One final note. All the git stuff _should_ be now or very soon in the official SVN repo of "The HDFGroup". A few of us setup the gitorious site to collaborate easily on the "Cmakeification" of HDF5. Those changes will be pushed back to the official SVN repo "real soon now". What I am getting at is that the gitorious site will go away when the SVN gets updated. I do NOT want to fracture the HDF5 source/community by having multiple places to download HDF5 source codes.

  Dr. X. I am glad everything worked for you. Alternatively you can download an MSys+Git installer from google code <http://code.google.com/p/msysgit/downloads/list > which is probably an easier install for some due to NOT needing cygwin.

I actually have a "ZLib" that builds with CMake on my own machine. Not sure if anyone is interested in that. Adding that would make HDF5 completely configurable with CMake. Just a thought. Then again, that leads to maintenance nightmares ...

···

___________________________________________________________
Mike Jackson www.bluequartz.net

On Mar 17, 2010, at 3:06 PM, Dr. X wrote:

Hi All,
First of all, I appreciate Michael's prompt follow up and all the git info.
I have downloaded HDF5 git repository from
git clone git://gitorious.org/hdf5/hdf5-v18.git
szip from
git clone git://gitorious.org/hdf5/szip.git
and zlib from
http://zlib.net/zlib-1.2.4.tar.gz

If you don't know how to use git. Please install cygwin on your windows machine and start a terminal before you copy and paste above statements. Certainly create hosting directories for HDF5, SZIP, and ZLIB is mandatory. Follow Michael and Dana's note, I want to take no chance and recompile szip and zlib from the source as well.

Build szip and zlib first:
Use cmake to build szip and zlib-1.2.4\projects\vissualc6\zlib.dsw to build zlib. Visual Studio 2008 will automatically convert zlib.dsw to *.sln. And do remember to create new x64 configurations if your machine is 64bit. Both packages (DLL Release and LIB Release) were built fine (without any L4096 warning on /NODEFAULTLIB... :)).

Then use cmake to deal with hdf5. After locating all the right places for zlib and szip libraries and include directories, you are gold. I built hdf5 with HDF5_ENABLE_SZIP_SUPPORT and HDF5_ENABLE_Z_LIB_SUPPORT enabled for my own testing.

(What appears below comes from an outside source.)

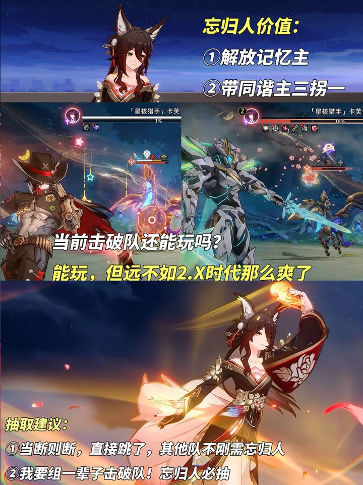 此时复刻补忘归人有2种意义,记忆主愈发重要不得已要拆击破队,或玩‘同谐主+阮梅+忘归人’三拐一以更强数值来应对膨胀。

I guess these two flags allow the created hdf5 library to be usefully without the companion of additional szip and zlib libraries.

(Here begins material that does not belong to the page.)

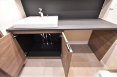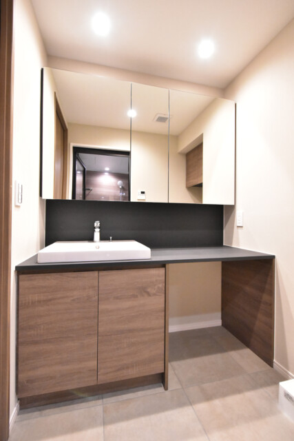 洗面ボウルの周りのドライスペースは広くとってあるので、基礎化粧品などを置いておくこともできますし、ちょっとした小物の仮置きにも役立ちます。

Note, zip_perf project will fail on Windows due to gettimeofday() and S_IRWXU dependencies.

At least all the hdf5 .exe are running fine. Best wishes to all Windows 64bit users. And thanks Michael and Dana.

Best,
xunlei

On 3/17/2010 12:50 PM, Michael Jackson wrote:

Great Write up. I'll just add my own experiences and some suggestions to make our (the developers USING hdf5) easier.
I am mainly an OS X Developer and do Windows development due to customer constraints so that is the perspective that this comes from.
RULE #1: Always build ALL your libraries with the SAME EXACT version of Visual Studio, down to the Service Pack AND Security Patch Level.
RULE #2: NEVER break rule #1.

Following those rules will allow you to have a much easier time with debugging/running/compiling on windows. What do I mean by exact versions? Each library that you are going to compile into your application MUST be linked against the same version of the C/C++ runtime libraries with respect to the following:
Single/Multi Threaded
Static/Dynamic Linked to the Runtimes
Debug/Release Versions of each runtime.

Again, following the above will help the developer have a much easier time with Visual Studio Development.

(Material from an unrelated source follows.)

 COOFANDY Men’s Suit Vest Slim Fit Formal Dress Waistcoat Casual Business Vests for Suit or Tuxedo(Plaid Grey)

If you get link warnings about adding "NODEFAULTLIB" then you are NOT following the above rules and nice random crashes and bugs WILL pop up in your program.

What can HDFGroup do to Help? PLEASE PLEASE PLEASE list the exact version of Visual Studio used to compile the binaries. This should be something like Visual Studio 2008 SP1 (9.0.xxx.xxx SPI) or if the original Visual Studio 2008 was used, then 9.0.xxx.xxx RTM). These values can be found by going to "Help->About Visual Studio". Also explicitly list HOW they were compiled with respect to Single/MultiThreaded, Static/Dynamic Runtime linkage, Dynamic/Static libraries, Debug/Release compiles.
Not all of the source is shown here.